▸ **THE TASK**: Give back an exact copy of the entries beneath, minus the pictures.

▸ **INFORMATION SUPPLIED**:
■ ■ ■

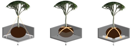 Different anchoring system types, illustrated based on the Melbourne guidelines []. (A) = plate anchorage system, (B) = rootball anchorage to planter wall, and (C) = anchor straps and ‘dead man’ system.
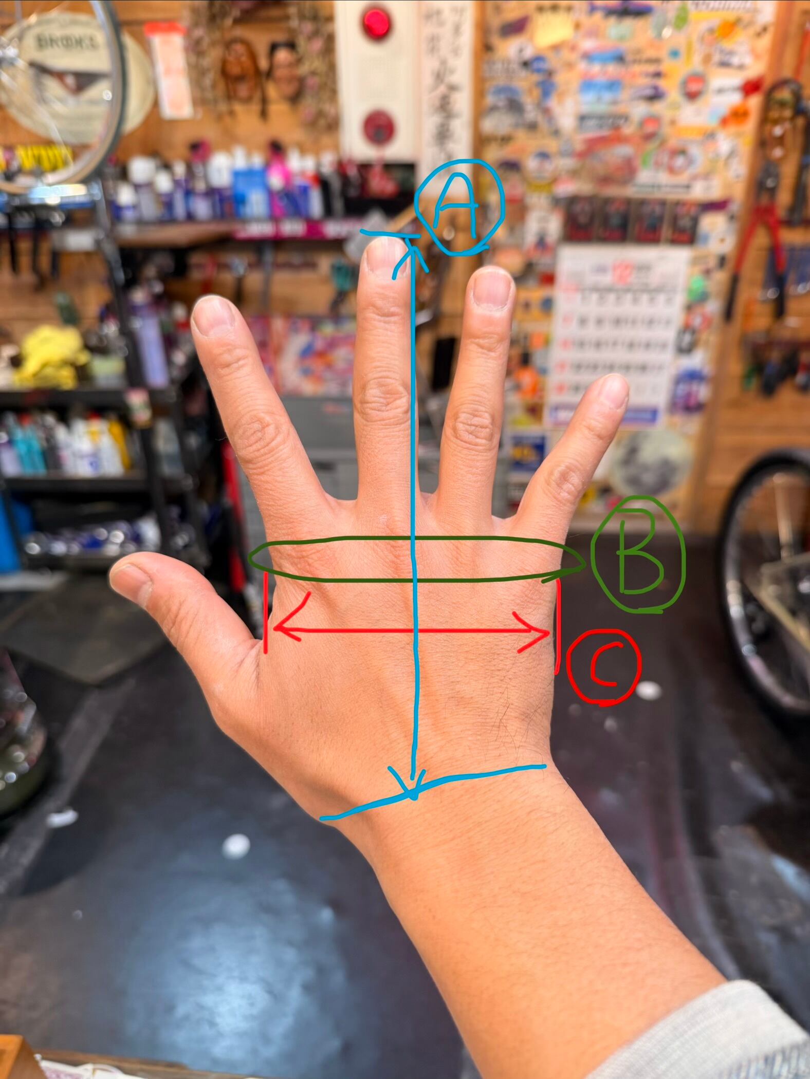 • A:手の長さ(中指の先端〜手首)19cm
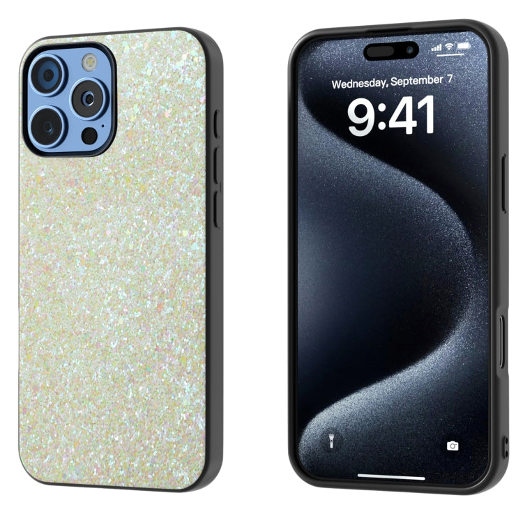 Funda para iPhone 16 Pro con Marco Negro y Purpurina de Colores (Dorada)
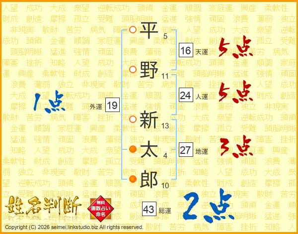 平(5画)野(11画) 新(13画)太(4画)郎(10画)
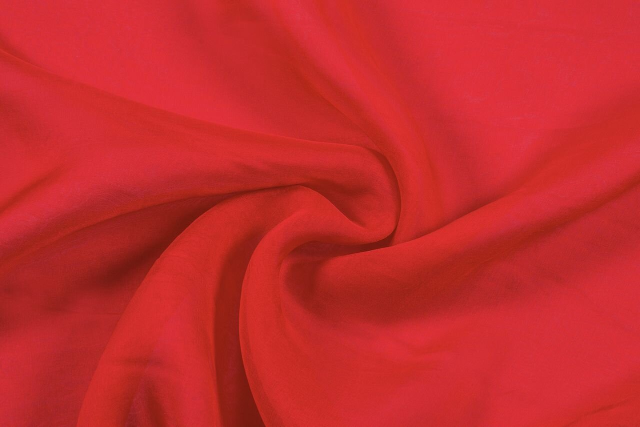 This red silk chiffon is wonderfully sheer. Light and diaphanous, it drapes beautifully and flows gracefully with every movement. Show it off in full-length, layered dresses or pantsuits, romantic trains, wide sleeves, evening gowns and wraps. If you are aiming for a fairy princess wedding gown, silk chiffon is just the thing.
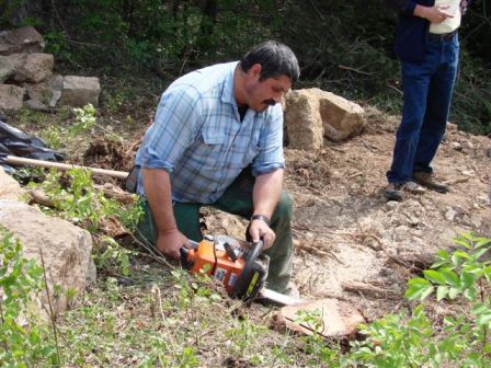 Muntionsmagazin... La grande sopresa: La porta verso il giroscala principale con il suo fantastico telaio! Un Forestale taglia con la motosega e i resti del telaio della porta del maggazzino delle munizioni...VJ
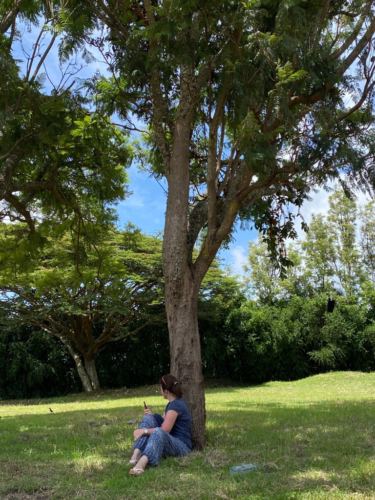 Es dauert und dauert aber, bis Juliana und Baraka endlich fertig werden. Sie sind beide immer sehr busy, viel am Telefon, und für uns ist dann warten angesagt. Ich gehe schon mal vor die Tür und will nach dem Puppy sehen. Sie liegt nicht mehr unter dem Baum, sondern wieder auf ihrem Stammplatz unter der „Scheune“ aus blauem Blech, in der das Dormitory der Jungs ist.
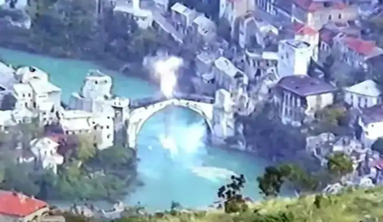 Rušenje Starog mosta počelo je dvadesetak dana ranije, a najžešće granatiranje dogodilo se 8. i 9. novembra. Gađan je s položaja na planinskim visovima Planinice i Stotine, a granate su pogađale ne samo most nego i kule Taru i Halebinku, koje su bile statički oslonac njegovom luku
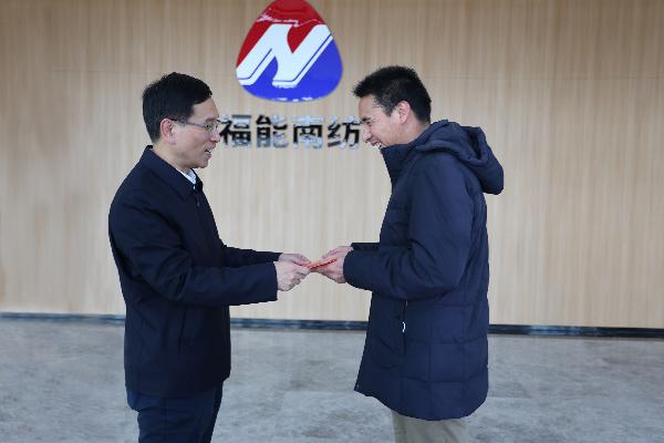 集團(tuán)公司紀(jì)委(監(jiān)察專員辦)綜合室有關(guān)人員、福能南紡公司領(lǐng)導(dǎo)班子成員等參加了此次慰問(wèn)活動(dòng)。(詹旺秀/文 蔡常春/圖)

■ ■ ■

▸ **WRITTEN RESPONSE**:
 Different anchoring system types, illustrated based on the Melbourne guidelines []. (A) = plate anchorage system, (B) = rootball anchorage to planter wall, and (C) = anchor straps and ‘dead man’ system.
 • A:手の長さ(中指の先端〜手首)19cm
 Funda para iPhone 16 Pro con Marco Negro y Purpurina de Colores (Dorada)
 平(5画)野(11画) 新(13画)太(4画)郎(10画)
 This red silk chiffon is wonderfully sheer. Light and diaphanous, it drapes beautifully and flows gracefully with every movement. Show it off in full-length, layered dresses or pantsuits, romantic trains, wide sleeves, evening gowns and wraps. If you are aiming for a fairy princess wedding gown, silk chiffon is just the thing.
 Muntionsmagazin... La grande sopresa: La porta verso il giroscala principale con il suo fantastico telaio! Un Forestale taglia con la motosega e i resti del telaio della porta del maggazzino delle munizioni...VJ
 Es dauert und dauert aber, bis Juliana und Baraka endlich fertig werden. Sie sind beide immer sehr busy, viel am Telefon, und für uns ist dann warten angesagt. Ich gehe schon mal vor die Tür und will nach dem Puppy sehen. Sie liegt nicht mehr unter dem Baum, sondern wieder auf ihrem Stammplatz unter der „Scheune“ aus blauem Blech, in der das Dormitory der Jungs ist.
 Rušenje Starog mosta počelo je dvadesetak dana ranije, a najžešće granatiranje dogodilo se 8. i 9. novembra. Gađan je s položaja na planinskim visovima Planinice i Stotine, a granate su pogađale ne samo most nego i kule Taru i Halebinku, koje su bile statički oslonac njegovom luku
 集團(tuán)公司紀(jì)委(監(jiān)察專員辦)綜合室有關(guān)人員、福能南紡公司領(lǐng)導(dǎo)班子成員等參加了此次慰問(wèn)活動(dòng)。(詹旺秀/文 蔡常春/圖)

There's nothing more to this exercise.